__TASK STATEMENT__.
Where an entry contains an image, skip the image and print the rest exactly.

Start of Block

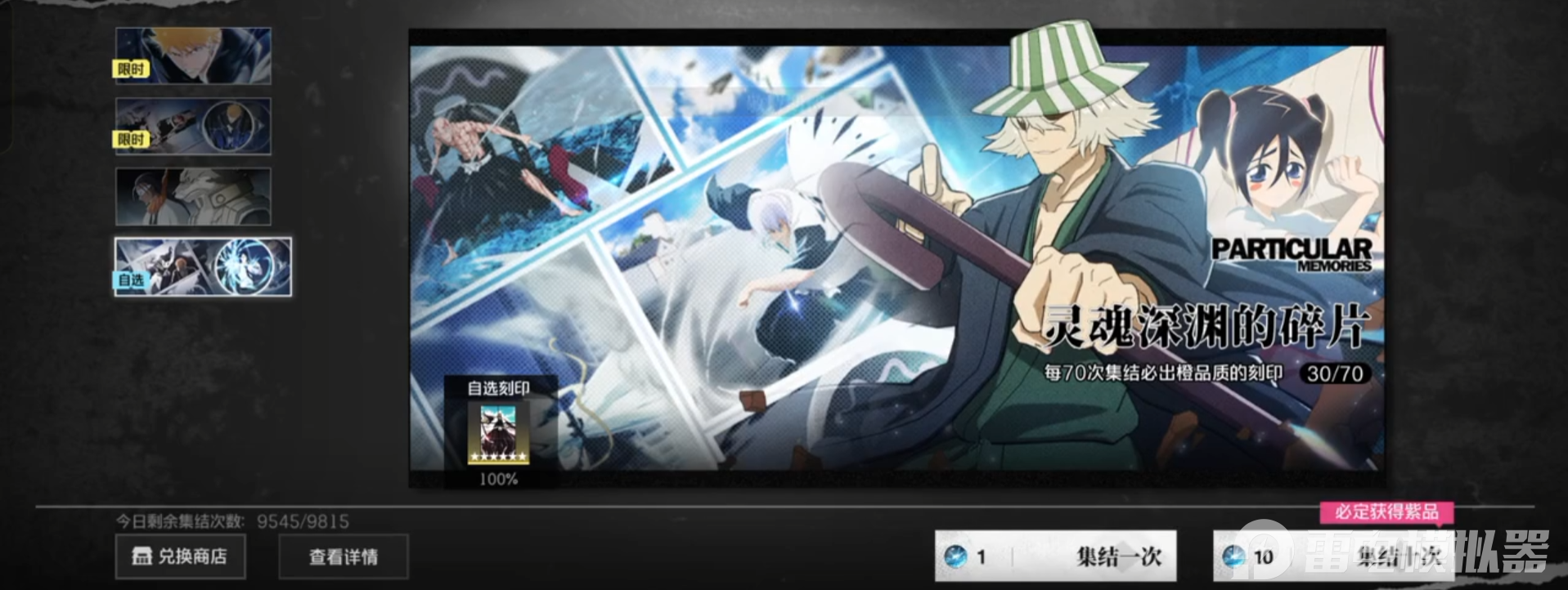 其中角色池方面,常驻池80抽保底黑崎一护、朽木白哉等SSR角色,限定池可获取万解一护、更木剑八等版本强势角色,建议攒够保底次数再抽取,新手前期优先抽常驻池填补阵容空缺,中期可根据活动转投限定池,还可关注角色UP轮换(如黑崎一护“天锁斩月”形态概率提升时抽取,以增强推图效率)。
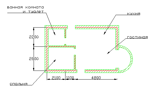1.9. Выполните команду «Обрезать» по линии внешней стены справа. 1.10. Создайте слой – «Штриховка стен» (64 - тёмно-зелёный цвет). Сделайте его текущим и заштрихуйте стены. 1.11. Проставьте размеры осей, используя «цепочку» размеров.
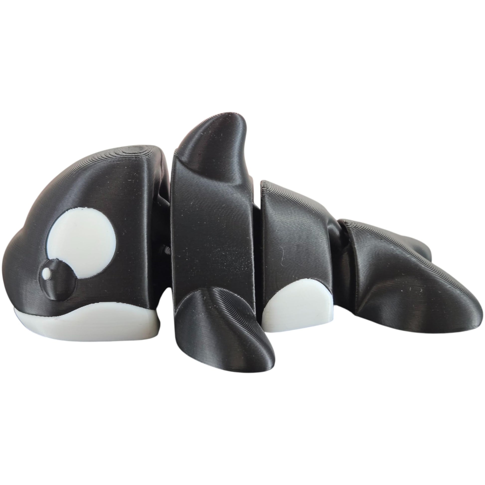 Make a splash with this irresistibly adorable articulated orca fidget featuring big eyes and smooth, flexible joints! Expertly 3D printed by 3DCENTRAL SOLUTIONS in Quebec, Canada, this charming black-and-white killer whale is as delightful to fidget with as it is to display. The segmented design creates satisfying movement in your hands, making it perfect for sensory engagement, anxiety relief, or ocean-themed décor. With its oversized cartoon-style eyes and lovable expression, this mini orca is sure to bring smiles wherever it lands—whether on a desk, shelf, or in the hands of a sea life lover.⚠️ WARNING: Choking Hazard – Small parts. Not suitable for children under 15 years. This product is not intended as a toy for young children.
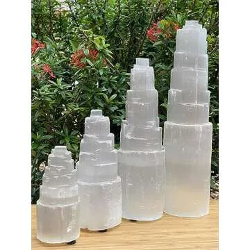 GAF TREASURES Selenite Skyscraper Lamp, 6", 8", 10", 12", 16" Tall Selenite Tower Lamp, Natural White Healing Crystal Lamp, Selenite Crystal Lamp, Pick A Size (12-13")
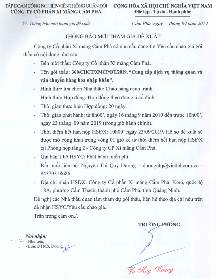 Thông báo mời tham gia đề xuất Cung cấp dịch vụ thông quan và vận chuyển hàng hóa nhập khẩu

End of Block

__OUTPUT__.
 其中角色池方面,常驻池80抽保底黑崎一护、朽木白哉等SSR角色,限定池可获取万解一护、更木剑八等版本强势角色,建议攒够保底次数再抽取,新手前期优先抽常驻池填补阵容空缺,中期可根据活动转投限定池,还可关注角色UP轮换(如黑崎一护“天锁斩月”形态概率提升时抽取,以增强推图效率)。
1.9. Выполните команду «Обрезать» по линии внешней стены справа. 1.10. Создайте слой – «Штриховка стен» (64 - тёмно-зелёный цвет). Сделайте его текущим и заштрихуйте стены. 1.11. Проставьте размеры осей, используя «цепочку» размеров.
 Make a splash with this irresistibly adorable articulated orca fidget featuring big eyes and smooth, flexible joints! Expertly 3D printed by 3DCENTRAL SOLUTIONS in Quebec, Canada, this charming black-and-white killer whale is as delightful to fidget with as it is to display. The segmented design creates satisfying movement in your hands, making it perfect for sensory engagement, anxiety relief, or ocean-themed décor. With its oversized cartoon-style eyes and lovable expression, this mini orca is sure to bring smiles wherever it lands—whether on a desk, shelf, or in the hands of a sea life lover.⚠️ WARNING: Choking Hazard – Small parts. Not suitable for children under 15 years. This product is not intended as a toy for young children.
 GAF TREASURES Selenite Skyscraper Lamp, 6", 8", 10", 12", 16" Tall Selenite Tower Lamp, Natural White Healing Crystal Lamp, Selenite Crystal Lamp, Pick A Size (12-13")
 Thông báo mời tham gia đề xuất Cung cấp dịch vụ thông quan và vận chuyển hàng hóa nhập khẩu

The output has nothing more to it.